RAZ: I mean, the thing about stillness is that your head can be a very loud place, especially, if things in your life are difficult or if there's anxiety or other things happening. Like, how do you clear that out to make that space to get to stillness?

IYER: I think you clear the anxiety by sitting still and addressing it and seeing it come and go in some ways. But you're absolutely right. When I go and sit still at my desk as a writer for five hours every day, often those hours are agonizing. They're torture, and I think a monk would tell you that a large part of the time he spends alone in his cell is spent with doubt and darkness. But running around is never going to address those feelings very well. It's only going to evade them.

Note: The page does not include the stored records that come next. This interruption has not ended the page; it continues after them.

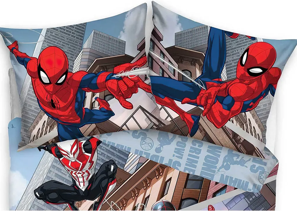 Комплект постельного белья Spider-Man 140x200 Marvel Youth Оригинальное лицензионное постельное белье для детей и подростков - Человек-паук. Принты выполнены с особой тщательностью. Внимание к деталям и яркие цвета рисунка делают постельное белье очень привлекательным, когда оно лежит на кровати. Материал нежный и мягкий на ощупь, обеспечивает исключительный комфорт во время сна и нежен к коже. Машинная стирка при 40°C. Эстетически упакованные комплекты постельного белья станут прекрасным подарком на любой случай. Комплект постельного белья с персонажами Человека-паука. Комплект состоит из двустороннего пододеяльника размером 140 x 200 см и наволочки размером 70 x 90 см. Дополнительным преимуществом является эстетически приятная упаковка с петлей для подвешивания - идеальная идея для практичного подарка. Детское постельное белье, красочное, прочное и безопасное, изготовленное из хлопковой ткани, бережно окутает вашего ребенка во время сна. Застежка-молния позволяет легко сменить его. В комплект входят: - Двусторонний пододеяльник 140 x 200 см - Наволочка 70 x 90 см. Постельное белье Spiderman Swing размером пододеяльника 140 x 200 см и наволочки 70 x 90 см идеально подойдет юным поклонникам Человека-паука. Этот комплект сочетает в себе привлекательный дизайн и практичность, обеспечивая комфортный сон. Описание товара: Постельное белье Spiderman Swing состоит из пододеяльника (140 x 200 см) и наволочки (70 x 90 см). Изготовлено из 100% хлопка, обеспечивает приятный сон. Постельное белье удобно застегивается на молнию и можно стирать в стиральной машине при температуре 40 °C. Подходит как для мальчиков, так и для девочек, и идеально подходит для детской комнаты.
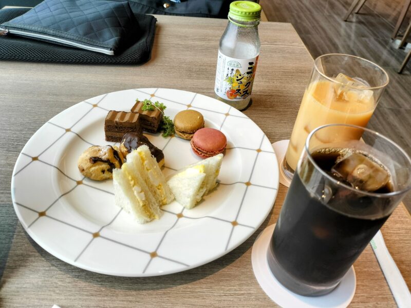 *マカロンやケーキ、サンドイッチなどとソフトドリンク
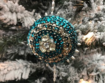 Vintage beaded sequence jeweled sky blue shiny Christmas ornament
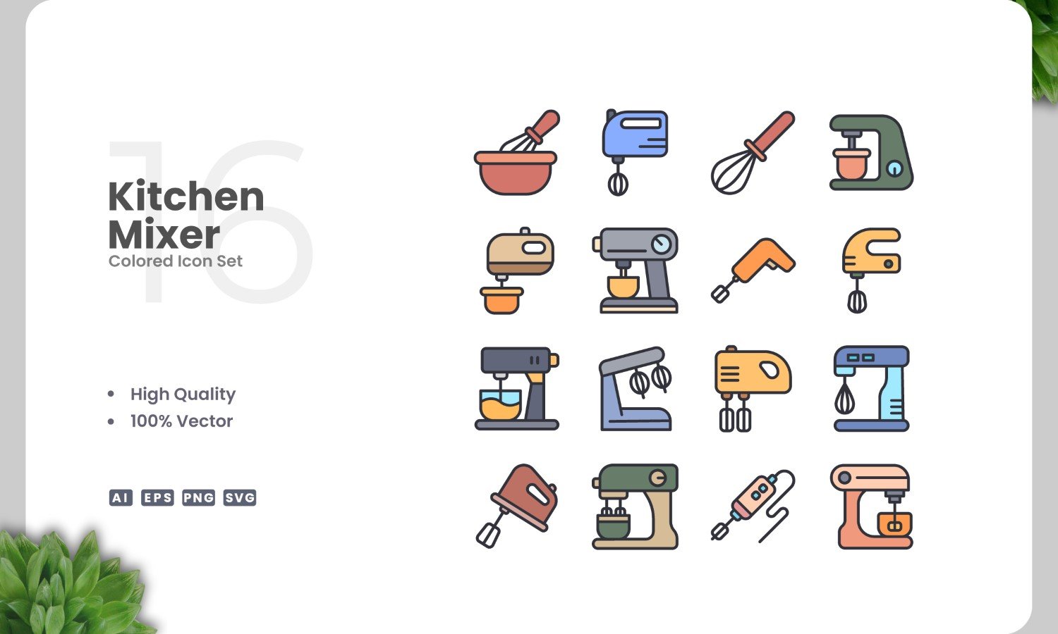 16 Kitchen Mixer Colored Icons Set Icon Set
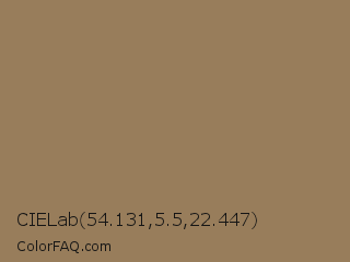 CIELab 54.131,5.5,22.447 Color is a normal orange color and the nearest color is Chamoisee #a0785a. Hex code #987d5b and RGB value is rgb(152,125,91). In RGB color space, this color is composed of 60% red, 49% green, 36% blue, In CMYK color space, this color is composed of 0% cyan, 18% magenta, 40% yellow , 40% black , In HSL color space, this color has a hue angle of 33° , 25% saturation and 48% lightness.
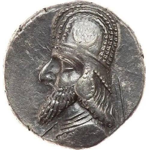 | Obverse description | Bearded bust of Dareios II left, wearing diadem and Parthian-style tiara with crescent and three rows of pellets. |
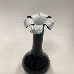 Et par Lysestager i sort glas. Stor: Måler 13,2 cm / 5,19 in. Lille: Måler 11,2 cm / 4,40 in.
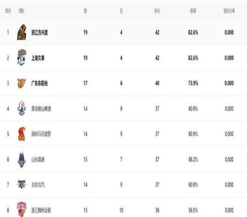 本赛季常规赛排名预测,上海队第1、浙江广厦队第2、广东队第3、北京首钢队第4,辽宁队在完成补强后大概率可以回到前8,但是想要进入季后赛四强几乎不可能。广东队和辽宁队想要在季后赛里走得更远,不仅需要实力,还需要一些运气。
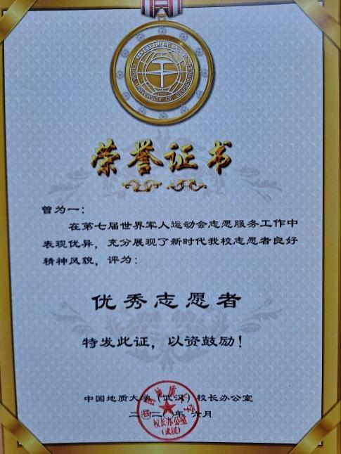 曾为一参加第七届世界军人运动会志愿服务

And I think actually one of the things that you find if you sit still is those feelings of anxiety and all the sufferings and pains that every one of us know fall into a kind proportion.

RAZ: In your talk, you mentioned that only by slowing down, can we see that sometimes making a living and making a life point in different directions.

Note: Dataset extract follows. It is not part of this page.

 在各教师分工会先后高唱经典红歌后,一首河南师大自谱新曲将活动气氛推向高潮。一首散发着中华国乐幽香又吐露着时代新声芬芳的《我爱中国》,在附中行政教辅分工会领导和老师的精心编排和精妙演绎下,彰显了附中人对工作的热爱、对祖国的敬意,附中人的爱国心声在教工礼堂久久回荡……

IYER: Yes, I think that's really why I left New York City in a nutshell because I felt making a living was not the same thing as making a life. And I was making a nice-enough living then and very comfortable, but that wasn't a life. And we all know on our deathbed when somebody says to you, what made your life fulfilling? Our job will be part of it, but it certainly won't be all of it. And answering emails and scrolling through YouTube will be a small part of it, but there are other things that are probably going to be much more at the heart of what we're glad to have done. And they will probably have to do with our relationships, moments of quiet, our explorations, but certainly, much more to do with the invisible part of our life, I would say, than the visible. And I think that's where it's easy to ignore that invisible bank account in the same way it's easy to ignore the mental health club. And yet, the invisible bank account is what's making you rich, and the mental health club is what's making you healthy.

(SOUNDBITE OF TED TALK)

IYER: And I think many of us have the sensation - I certainly do - that we're standing about two inches away from a huge screen. And it's noisy, and it's crowded. And it's changing with every second. And that screen is our lives. And it's only by stepping back and then further back and holding still that we can begin to see what the canvas means and to catch the larger picture. So in an age of acceleration, nothing can be more exhilarating than going slow. And in an age of distraction, nothing is so luxurious as paying attention. And in an age of constant movement, nothing is so urgent as sitting still. Thank you.

(APPLAUSE)

RAZ: Writer and traveler Pico Iyer. He's the author of a newly released TED book. It's called "The Art Of Stillness: Adventures In Going Nowhere." You can find out more about it at ted.com.

(SOUNDBITE OF SONG, "A QUIET PLACE")

GARNET MIMMS: (Singing) There's a man next door with a radio and he plays it all through the night. There's a couple in the apartment above my head that don't do nothing, but fuss and fight. I can't get no sleep in this noisy street. I've got to move. I've got to move. I've got to find me a quiet place.